Why Policy Must Take Into Account Domestic Abuse Survivors

Every fortnight, we hand over the blog to one of the London Shapers, to give you a flavour of what they do, how they think and what's really going on in our hearts and minds. Today's piece comes from Resham Kotecha who is a Conservative Party campaigner and Founder of Podium Perfect.


For all the Government’s advice to stay at home and save lives over the last four months, for millions of Britons home is often the least safe place to be. Even in ‘normal’ times, domestic abuse survivors face a herculean task to escape their abusers, but the lockdown made the challenge almost impossible. Survivors faced the added challenge of struggling to call support lines with their partner always home. They were forced to bear the brunt of a perpetrator’s rage and frustration at a time of increased stress and pressure. They faced added challenges of making preparations to leave in secret, making it almost impossible to escape.


The scale of domestic abuse in this country is shocking – and often ignored. In the year ending March 2019, an estimated 2.4 million adults aged 16 to 74 years experienced domestic abuse (1.6 million women and 786,000 men) with the majority linked to partners rather than other family members.


Whilst domestic abuse affects men and women, women are statistically more likely to experience repeated and severe forms of abuse, including sexual violence. They are also more likely to have experienced ongoing physical, emotional, psychological or violence abuse that results in serious injury or death. Women experience higher rates of repeated attacks and are much more likely to be seriously injured.

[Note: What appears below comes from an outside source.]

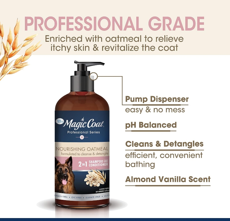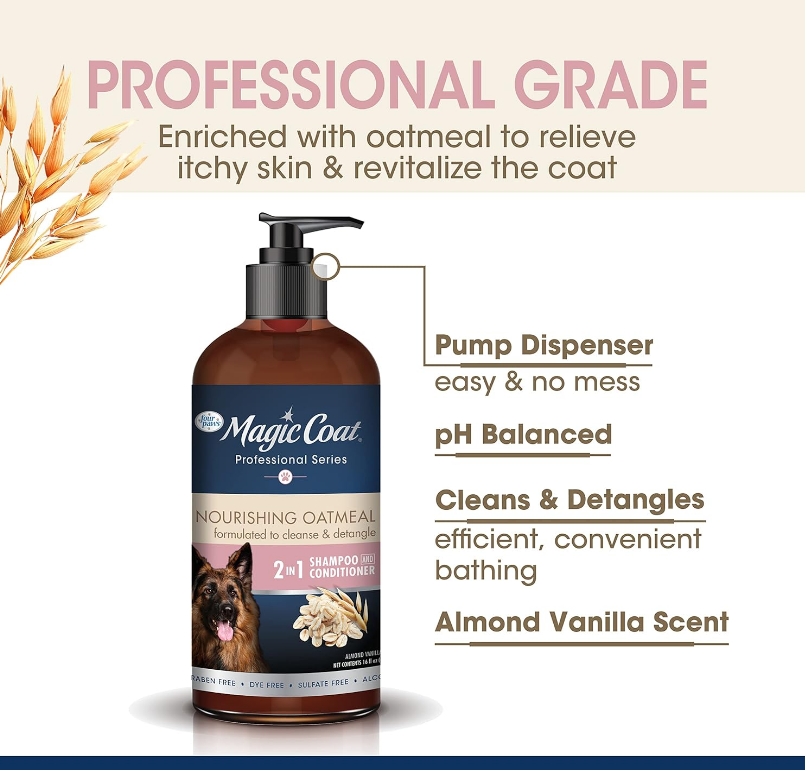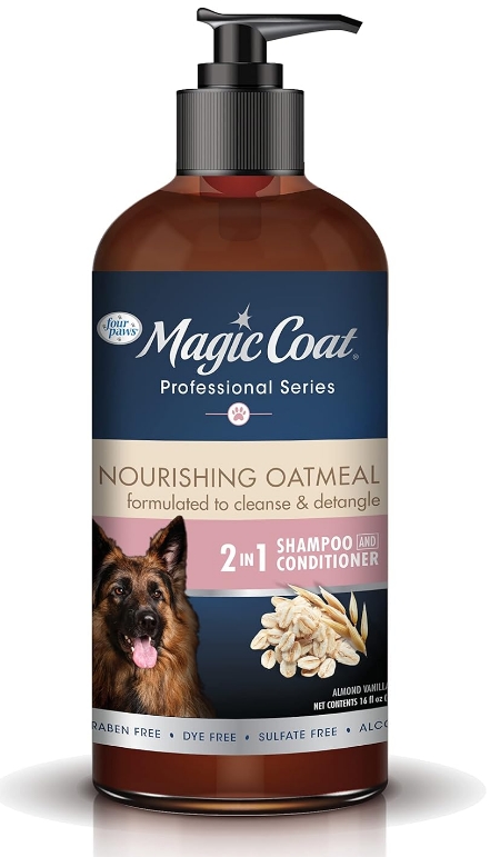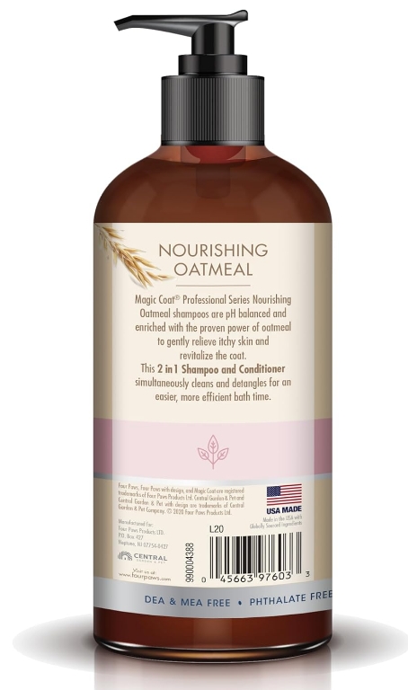 Four Paws has been simplifying at-home pet grooming with the highest-quality tools and products for over 50 years. Make at-home dog grooming a more efficient and blissful experience with Magic Coat Professional Series Nourishing Oatmeal 2 in 1 Dog Shampoo and Conditioner! Enriched with oatmeal to relieve itchiness, this dog shampoo is designed to cleanse and detangle the whole coat. Formulated with a pH-balanced blend of coconut- and plant-based ingredients, this almond vanilla-scented shampoo is free of DEA, MEA, phthalate, parabens, dye, sulfates, alcohol, soap, and silicone. Use this USA-made shampoo on any coat type including cats!.

In the same 12-month period, 80 women were killed by a current or former partner – a 27% increase compared on the previous year. In four out of ten cases, the victims were killed in a domestic homicide. On average, two women every week across England and Wales are killed by a current or former partner.


Counting Dead Women, a project that records the killing of women by men in the UK has suggested that in the first six months of 2020, at least 61 women are suspected to have been killed by men, showing the fatal impact of our (much needed) lockdown for survivors of abuse. Since lockdown began, almost 300 beds in domestic abuse shelters were closed, awaited desperately needed Government funds to reopen. Lockdown meant that the mainly female survivors of domestic abuse had few options with regard to finding a safe space - few landlords were able, or willing, to take in new tenants. It is all too easy to forget the needs of these survivors, for whom daily life involves a fear for their emotional, physical and psychological health.


That is not to say there has not been action to address the issue. The Government introduced a #YouAreNotAlone campaign to raise awareness of the help available to domestic abuse survivors, and Chancellor Rishi Sunak announced £750million of funding for the charity sector, £2 million of which has been set aside to bolster helplines and online support for Domestic Abuse charities. In addition to this, the Domestic Abuse Bill has passed its final stages in the Commons and includes measures such as placing a duty on councils in England to provide shelter for victims of abuse and introduces the first legal government definition of domestic abuse, including economic abuse and coercive or controlling non-physical behaviour.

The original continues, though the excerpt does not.